What to work on
Would you repeat the listing below exactly, with no pictures in it?

-- The data follows --

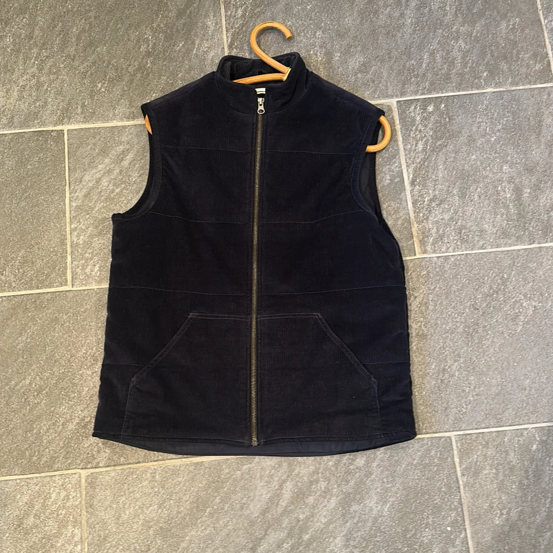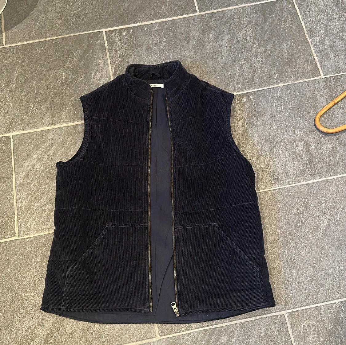 Snygg mörkblå vadderad väst från Knowledge Cotton Apparel i manchester. Västen har hög krage, två stora fickor framtill och dragkedja hela vägen. Perfekt för en stilren look. Vid frågor är det bara att skriva🙌🏼🥂
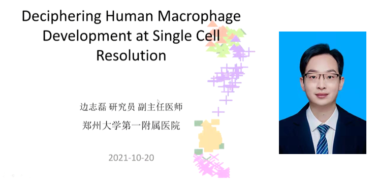 前面兩場(chǎng)報(bào)告湯老師和曹老師都是開發(fā)了單細(xì)胞空間新技術(shù),這些技術(shù)如何實(shí)現(xiàn)在臨床醫(yī)學(xué),特別是在腫瘤中精準(zhǔn)輔助治療應(yīng)用呢?鄭州大學(xué)第一附屬醫(yī)院血液科副主任醫(yī)師邊志磊研究員報(bào)告題目是:Deciphering human macrophage development at single-cell resolution,以超高單細(xì)胞分辨率深度解析了巨噬細(xì)胞發(fā)育。邊老師團(tuán)隊(duì)繪制了巨噬細(xì)胞在多個(gè)解剖部位的異質(zhì)性,并確定了不同的亞群,包括各種類型的胚胎組織駐留巨噬細(xì)胞(TRMs)(在頭部、肝臟、肺和皮膚)。追蹤了胚胎卵黃囊來(lái)源的原始巨噬細(xì)胞或卵黃囊衍生的偏髓性祖細(xì)胞(YSMPs)來(lái)源的胚胎肝單核細(xì)胞中TRM的發(fā)育軌跡,評(píng)估了胚胎期TRM和成年期TRM之間的分子相似性。全面描述了人類胚胎發(fā)生過(guò)程中早期巨噬細(xì)胞發(fā)育的時(shí)空動(dòng)態(tài)特征,為進(jìn)一步研究人類TRM的發(fā)育和功能提供了參考。
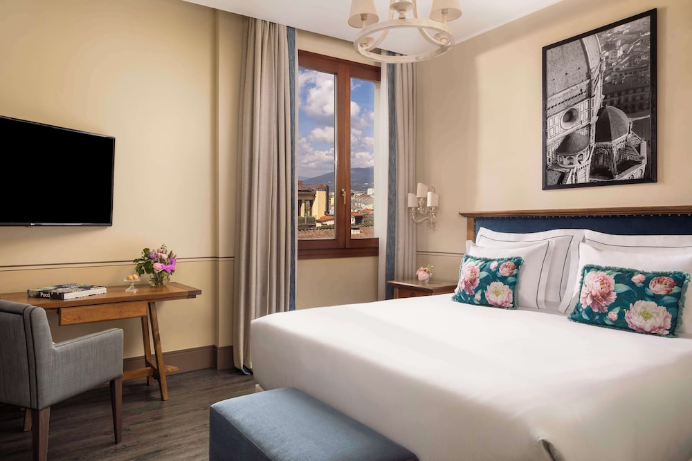 What absolutely gorgeous hotel. From the moment we arrived till the moment we left it was wonderful. The staff were amazing and the room was beautiful. The view from the roof top bar is a must for anyone visiting this stunning city. Five star in every aspect and perfectly located for anyone wanting to explore Florence and all it has to offer.

-- The data concluded --

Response to the exercise
 Snygg mörkblå vadderad väst från Knowledge Cotton Apparel i manchester. Västen har hög krage, två stora fickor framtill och dragkedja hela vägen. Perfekt för en stilren look. Vid frågor är det bara att skriva🙌🏼🥂
 前面兩場(chǎng)報(bào)告湯老師和曹老師都是開發(fā)了單細(xì)胞空間新技術(shù),這些技術(shù)如何實(shí)現(xiàn)在臨床醫(yī)學(xué),特別是在腫瘤中精準(zhǔn)輔助治療應(yīng)用呢?鄭州大學(xué)第一附屬醫(yī)院血液科副主任醫(yī)師邊志磊研究員報(bào)告題目是:Deciphering human macrophage development at single-cell resolution,以超高單細(xì)胞分辨率深度解析了巨噬細(xì)胞發(fā)育。邊老師團(tuán)隊(duì)繪制了巨噬細(xì)胞在多個(gè)解剖部位的異質(zhì)性,并確定了不同的亞群,包括各種類型的胚胎組織駐留巨噬細(xì)胞(TRMs)(在頭部、肝臟、肺和皮膚)。追蹤了胚胎卵黃囊來(lái)源的原始巨噬細(xì)胞或卵黃囊衍生的偏髓性祖細(xì)胞(YSMPs)來(lái)源的胚胎肝單核細(xì)胞中TRM的發(fā)育軌跡,評(píng)估了胚胎期TRM和成年期TRM之間的分子相似性。全面描述了人類胚胎發(fā)生過(guò)程中早期巨噬細(xì)胞發(fā)育的時(shí)空動(dòng)態(tài)特征,為進(jìn)一步研究人類TRM的發(fā)育和功能提供了參考。
 What absolutely gorgeous hotel. From the moment we arrived till the moment we left it was wonderful. The staff were amazing and the room was beautiful. The view from the roof top bar is a must for anyone visiting this stunning city. Five star in every aspect and perfectly located for anyone wanting to explore Florence and all it has to offer.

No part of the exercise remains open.